▸ **Assignment**
Pictures appear among the records below and must be omitted. Repeat exactly the lines from the line with "Clique em Câmeras" to the line with "Title (ebay affiliate", both included.

▸ **Records shown**
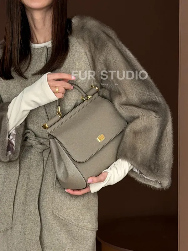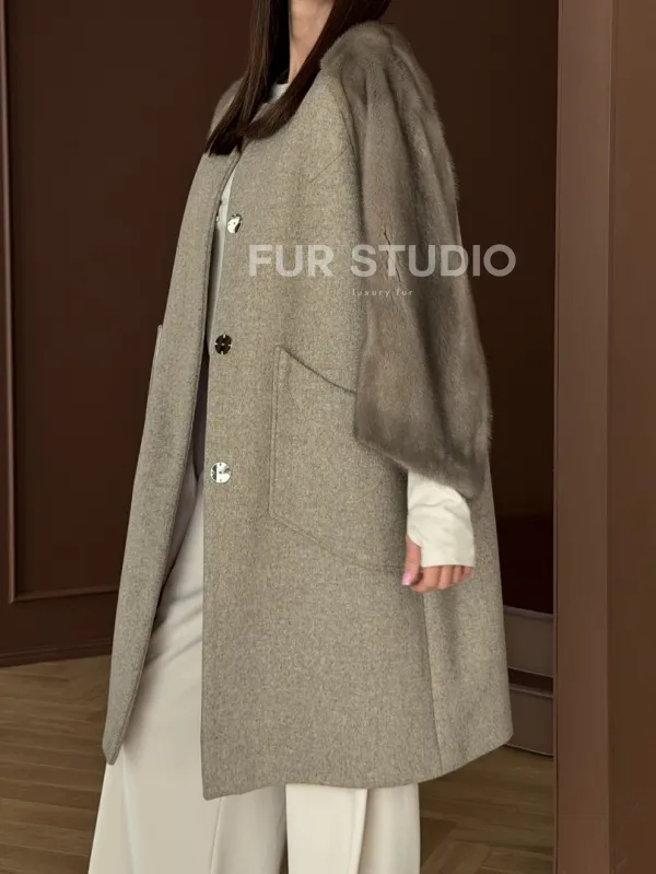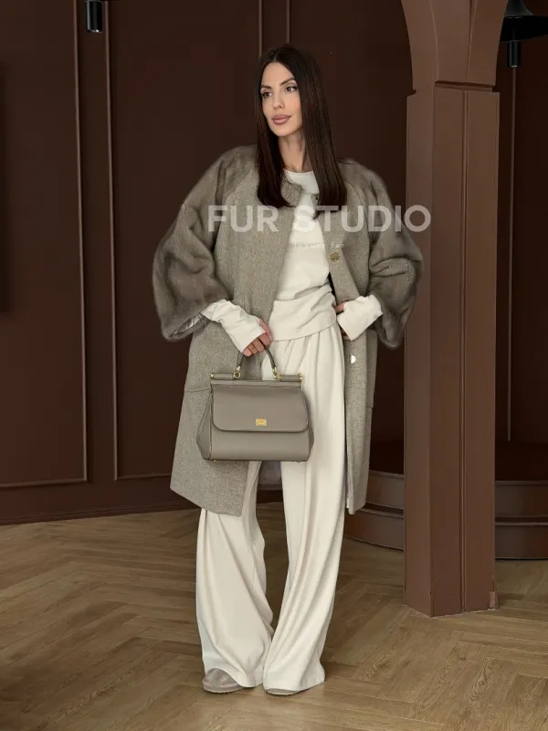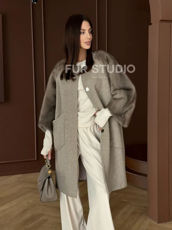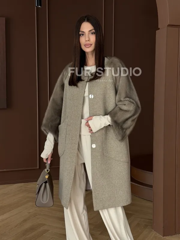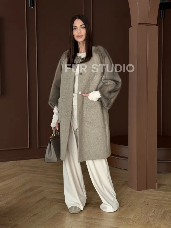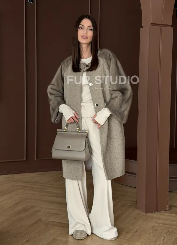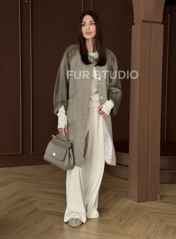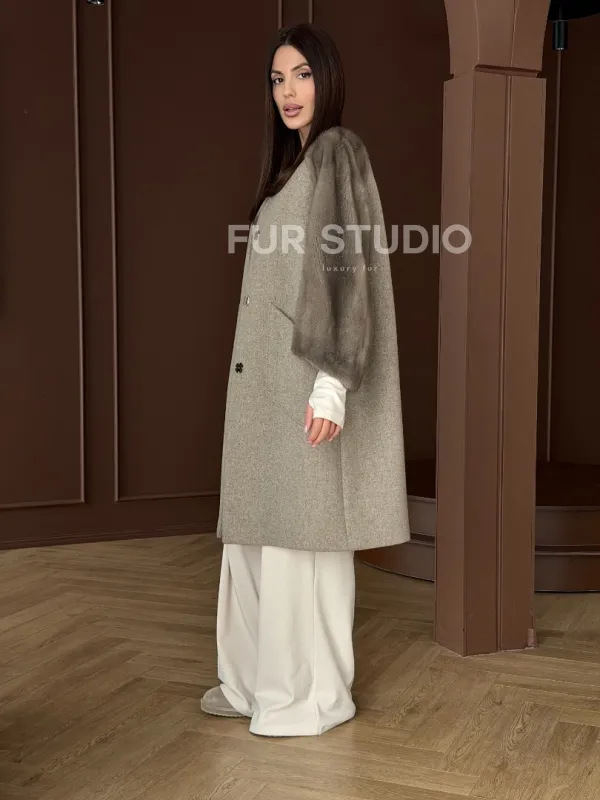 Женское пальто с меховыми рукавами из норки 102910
* * *
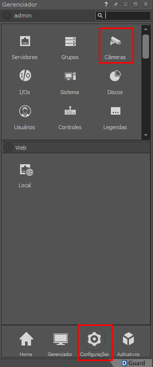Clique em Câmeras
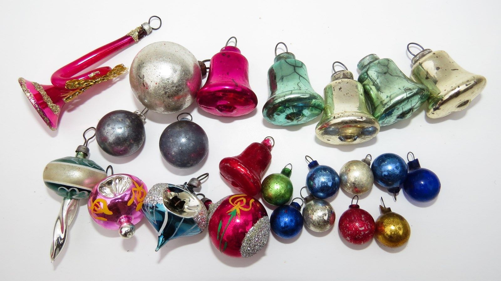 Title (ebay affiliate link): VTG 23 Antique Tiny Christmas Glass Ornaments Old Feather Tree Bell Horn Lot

▸ **Finished exercise**
Clique em Câmeras
 Title (ebay affiliate link): VTG 23 Antique Tiny Christmas Glass Ornaments Old Feather Tree Bell Horn Lot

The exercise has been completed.